Modularization

The first module in this course introduced the six essential imperative programming operations. There were three simple statements,

input
gets a value from the input stream and stores it in memory.
processing
processes/combines/manipulates values stored in memory and stores the result in memory
output
sends a value to the output stream

and three control structures,

sequential processing
in which statements are executed one at a time in sequence
selection
in which one group of statements or another, but not both, are executed
repetition
in which a group of statements is executed repeatedly

I also introduced one “bonus” structure: modularity. Many modern computer scientists would take issue with the bonus characterization and argue that modularization is perhaps the most fundamental structure provided by modern programming languages.

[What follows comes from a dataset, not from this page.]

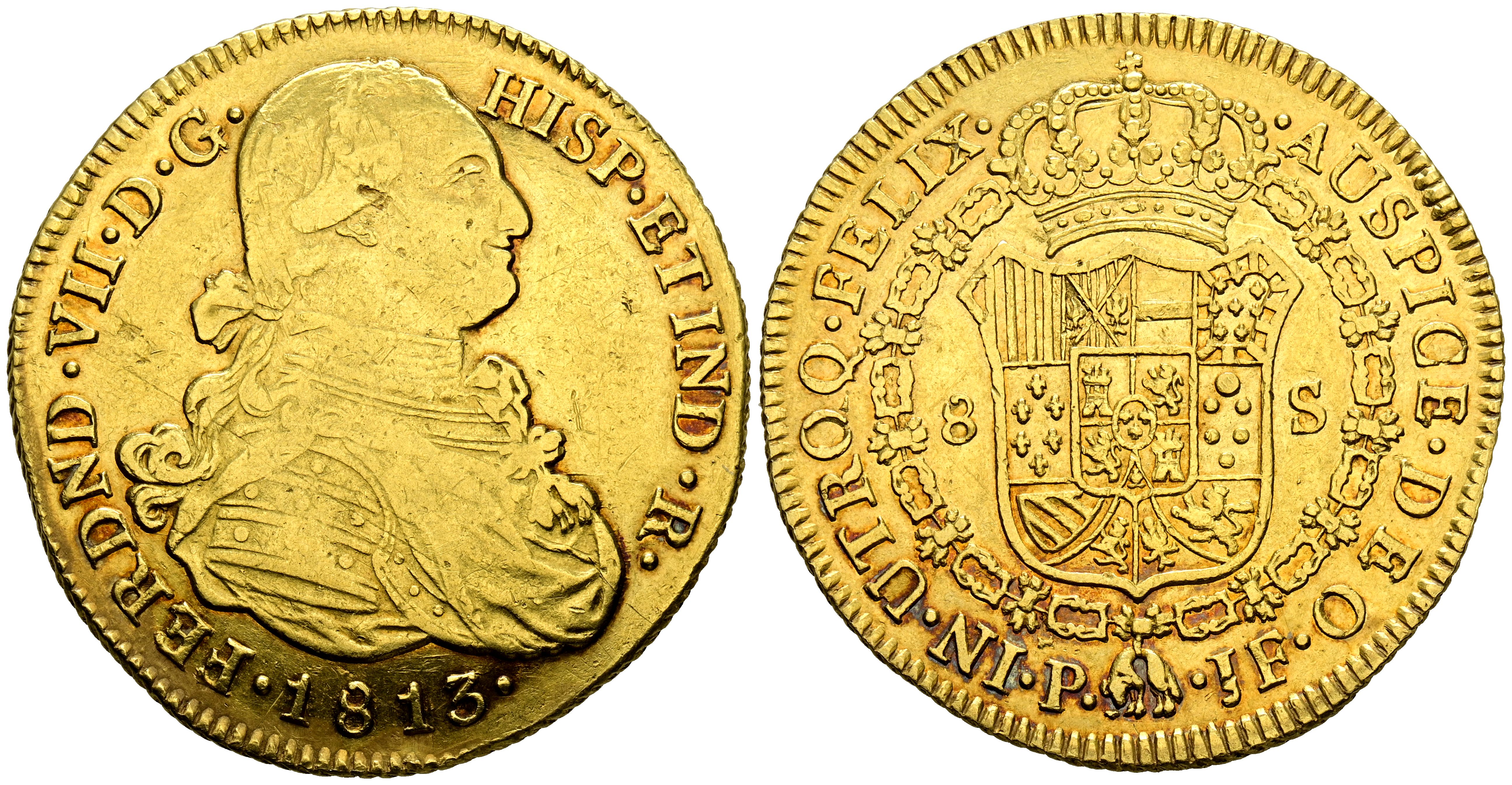 FERDINAND VII (1808-1833). 8 Shields. (Au. 26.53g/37mm). 1813. Popayán JF. (Cal-2019-1815). Very Fine.

I do not disagree with their assessment. I refer to the other control structures as essential because it is logically impossible to write all programs without each and every one of them. It is possible to write a program without modularization, but extremely difficult, and the resulting program if it was ever successfully written and tested would be very difficult to modify or maintain.

Why is modularization so important? Because it enables us to

  1. reduce the complexity of our programs, while at the same time allowing us to
  2. create reusable chunks of code.

We reduce complexity by using a divide and conquer strategy, i.e. taking a large program and dividing it into smaller, more manageable, pieces. If we choose our pieces carefully, we can accumulate a collection of modules that are reusable. This saves us time on future projects by allowing us to avoid reinventing the wheel.

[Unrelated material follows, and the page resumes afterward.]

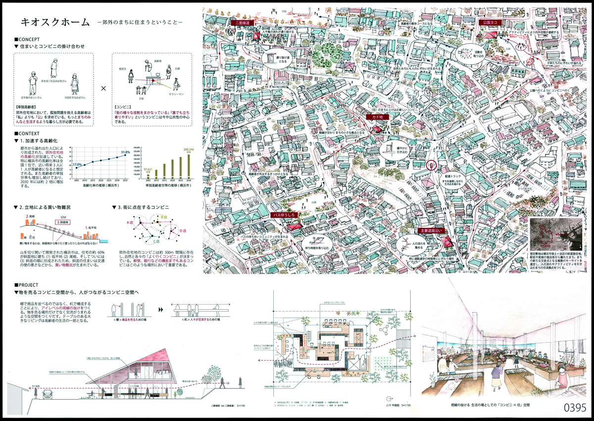 加速する高齢化、斜面の多い立地による買い物難民、街に點在するコンビニ、という3つの文脈をもつ郊外住宅地において、街にコミュニティを求める単獨高齢者と、誰でも気軽に訪れることのできるコンビニを掛け合わせた居職を提案する。徒歩300m間隔に住民の動線から導いた領域を複數想定し、居職の場を點在させる。配達トラックが循環することで、各領域をつないでいく。大屋根を架けた建築の1階は誰でも訪れられる職としてのコンビニ空間、2階を単獨高齢者の住まいとする。棚ではなく大きな機で構成されたコンビニは、リビングのような交流の場となり、2階の住空間からも街の気配を感じることができる。 (プレゼンテーションより抜粋)

Reducing complexity is important because there is a (small) limit to the number of things the human brain can think about at once. Cognitive psychologists often peg the capacity of short term memory at 7 plus or minus two items, because people can on average only recall between 5 and 9 items from a sequence they are given to remember. This biological limitation makes it very difficult to think about problems involving a dozen units, much less ones involving hundreds of disparate parts. One way of organizing the complexity of a large system is to divide it into hierarchies that only have a handful of items on any given level. This division is modularization. Dividing a problem well, i.e. in a way that makes the problem simpler to solve, is a skill that is developed through practice and by studying examples.

As we tackle different programming problems and projects we will build up a storehouse of modules. If we modularize our problems well we will develop a toolkit of reusable modules that we can use in the future to avoid rewriting code we have written before. Choosing modules for reusability is more objective than choosing them to reduce complexity: the main rule is to make each module do one thing, and only one thing, well, and to avoid side effects. We avoid side effects by having each module restrict its actions to as narrow a domain as possible.

Python enables modularization through the use of

  1. functions,
  2. classes, and
  3. modules.

In this module of the course we will consider the first and third of these, i.e. functions and modules. The second item, classes, is the subject of the entire third part of the course.